Your copy should start at the line with "Ta živo obarvan" and end at the line with "Je kunt dit" in the data below. Transcribe only those lines, exactly, pictures excluded.

**RECORD EXTRACTS:**
━━━━━━━━━━━━━━━━
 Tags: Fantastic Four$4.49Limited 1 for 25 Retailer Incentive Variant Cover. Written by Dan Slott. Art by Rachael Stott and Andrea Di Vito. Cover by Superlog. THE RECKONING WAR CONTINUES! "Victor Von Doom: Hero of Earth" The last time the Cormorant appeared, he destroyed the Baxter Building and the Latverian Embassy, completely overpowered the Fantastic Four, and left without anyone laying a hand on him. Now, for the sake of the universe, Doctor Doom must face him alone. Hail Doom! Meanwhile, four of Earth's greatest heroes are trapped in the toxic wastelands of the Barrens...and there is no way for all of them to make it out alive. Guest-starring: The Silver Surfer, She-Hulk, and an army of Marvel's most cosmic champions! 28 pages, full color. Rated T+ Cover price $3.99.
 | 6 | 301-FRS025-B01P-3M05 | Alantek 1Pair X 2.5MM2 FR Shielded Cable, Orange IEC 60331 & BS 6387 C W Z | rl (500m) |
━━━━━━━━━━━━━━━━
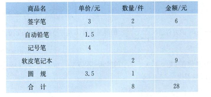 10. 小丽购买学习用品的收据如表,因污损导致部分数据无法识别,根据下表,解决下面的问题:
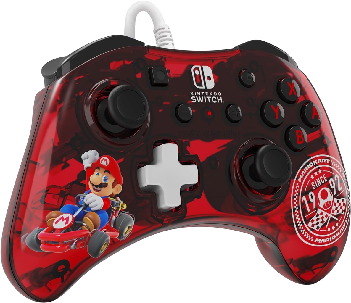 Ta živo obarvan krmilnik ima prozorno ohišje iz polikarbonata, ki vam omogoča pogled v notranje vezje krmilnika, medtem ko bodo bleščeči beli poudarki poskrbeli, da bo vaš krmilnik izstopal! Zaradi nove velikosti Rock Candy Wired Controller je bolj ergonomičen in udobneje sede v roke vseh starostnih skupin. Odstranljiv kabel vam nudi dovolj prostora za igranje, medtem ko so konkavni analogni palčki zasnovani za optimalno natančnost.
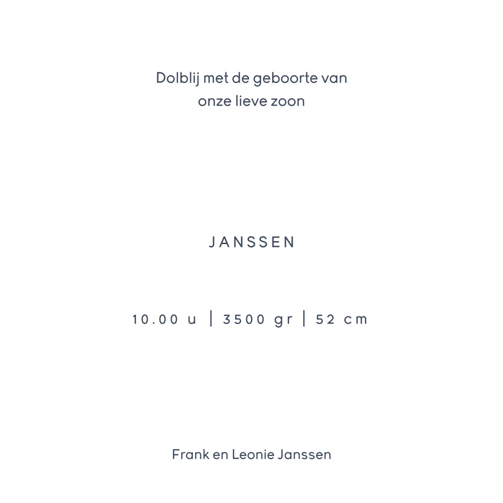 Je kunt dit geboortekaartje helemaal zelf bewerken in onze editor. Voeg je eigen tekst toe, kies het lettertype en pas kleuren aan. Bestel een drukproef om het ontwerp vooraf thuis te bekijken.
━━━━━━━━━━━━━━━━
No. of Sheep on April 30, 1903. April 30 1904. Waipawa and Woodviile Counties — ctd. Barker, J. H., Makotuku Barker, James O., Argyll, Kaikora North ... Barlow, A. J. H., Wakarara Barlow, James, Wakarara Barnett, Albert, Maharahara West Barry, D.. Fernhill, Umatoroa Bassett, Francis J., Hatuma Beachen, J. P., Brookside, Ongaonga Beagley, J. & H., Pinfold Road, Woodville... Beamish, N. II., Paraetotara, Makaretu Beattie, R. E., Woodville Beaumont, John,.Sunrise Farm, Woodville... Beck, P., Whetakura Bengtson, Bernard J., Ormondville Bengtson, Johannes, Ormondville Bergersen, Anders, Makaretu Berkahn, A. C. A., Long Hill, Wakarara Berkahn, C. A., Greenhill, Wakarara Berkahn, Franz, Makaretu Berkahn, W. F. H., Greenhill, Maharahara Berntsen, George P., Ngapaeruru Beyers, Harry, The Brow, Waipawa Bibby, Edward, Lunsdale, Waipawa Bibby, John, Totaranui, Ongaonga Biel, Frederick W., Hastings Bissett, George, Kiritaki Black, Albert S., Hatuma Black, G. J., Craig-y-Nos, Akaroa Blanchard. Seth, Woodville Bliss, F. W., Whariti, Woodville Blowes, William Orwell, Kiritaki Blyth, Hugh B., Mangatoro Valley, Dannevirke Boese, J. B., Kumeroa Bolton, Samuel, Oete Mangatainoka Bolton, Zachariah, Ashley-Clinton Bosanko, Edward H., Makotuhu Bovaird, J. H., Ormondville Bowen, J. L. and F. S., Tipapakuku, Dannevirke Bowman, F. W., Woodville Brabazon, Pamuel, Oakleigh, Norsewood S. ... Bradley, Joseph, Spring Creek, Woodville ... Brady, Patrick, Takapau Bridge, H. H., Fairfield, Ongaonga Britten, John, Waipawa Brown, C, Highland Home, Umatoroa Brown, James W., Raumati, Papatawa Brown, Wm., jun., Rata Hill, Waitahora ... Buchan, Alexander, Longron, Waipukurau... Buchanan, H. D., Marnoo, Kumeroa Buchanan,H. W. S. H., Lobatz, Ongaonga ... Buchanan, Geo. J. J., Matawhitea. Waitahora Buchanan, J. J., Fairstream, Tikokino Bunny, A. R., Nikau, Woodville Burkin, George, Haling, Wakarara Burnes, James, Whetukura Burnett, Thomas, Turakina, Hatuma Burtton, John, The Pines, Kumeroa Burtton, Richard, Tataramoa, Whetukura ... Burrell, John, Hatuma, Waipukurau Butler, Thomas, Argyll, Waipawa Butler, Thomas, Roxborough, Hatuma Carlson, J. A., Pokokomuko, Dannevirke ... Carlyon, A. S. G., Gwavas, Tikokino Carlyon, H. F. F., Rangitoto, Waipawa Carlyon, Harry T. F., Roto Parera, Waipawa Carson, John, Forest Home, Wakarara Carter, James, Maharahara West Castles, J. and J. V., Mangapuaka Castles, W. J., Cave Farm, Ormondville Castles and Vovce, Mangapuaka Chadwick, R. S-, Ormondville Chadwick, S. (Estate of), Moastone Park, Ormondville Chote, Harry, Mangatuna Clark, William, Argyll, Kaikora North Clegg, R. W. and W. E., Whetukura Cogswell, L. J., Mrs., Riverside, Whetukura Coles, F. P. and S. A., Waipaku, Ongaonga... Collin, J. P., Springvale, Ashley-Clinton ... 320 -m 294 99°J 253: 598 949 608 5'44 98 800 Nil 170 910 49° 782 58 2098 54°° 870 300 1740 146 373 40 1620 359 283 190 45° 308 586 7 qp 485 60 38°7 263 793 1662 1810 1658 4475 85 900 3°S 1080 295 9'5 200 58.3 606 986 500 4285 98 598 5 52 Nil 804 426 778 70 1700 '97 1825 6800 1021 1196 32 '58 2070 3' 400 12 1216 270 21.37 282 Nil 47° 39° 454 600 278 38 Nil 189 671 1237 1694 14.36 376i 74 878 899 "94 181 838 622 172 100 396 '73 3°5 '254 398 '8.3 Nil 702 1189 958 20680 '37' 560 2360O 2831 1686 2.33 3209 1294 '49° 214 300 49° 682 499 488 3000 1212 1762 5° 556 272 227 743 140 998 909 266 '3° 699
━━━━━━━━━━━━━━━━
**RESPONSE:**
 Ta živo obarvan krmilnik ima prozorno ohišje iz polikarbonata, ki vam omogoča pogled v notranje vezje krmilnika, medtem ko bodo bleščeči beli poudarki poskrbeli, da bo vaš krmilnik izstopal! Zaradi nove velikosti Rock Candy Wired Controller je bolj ergonomičen in udobneje sede v roke vseh starostnih skupin. Odstranljiv kabel vam nudi dovolj prostora za igranje, medtem ko so konkavni analogni palčki zasnovani za optimalno natančnost.
 Je kunt dit geboortekaartje helemaal zelf bewerken in onze editor. Voeg je eigen tekst toe, kies het lettertype en pas kleuren aan. Bestel een drukproef om het ontwerp vooraf thuis te bekijken.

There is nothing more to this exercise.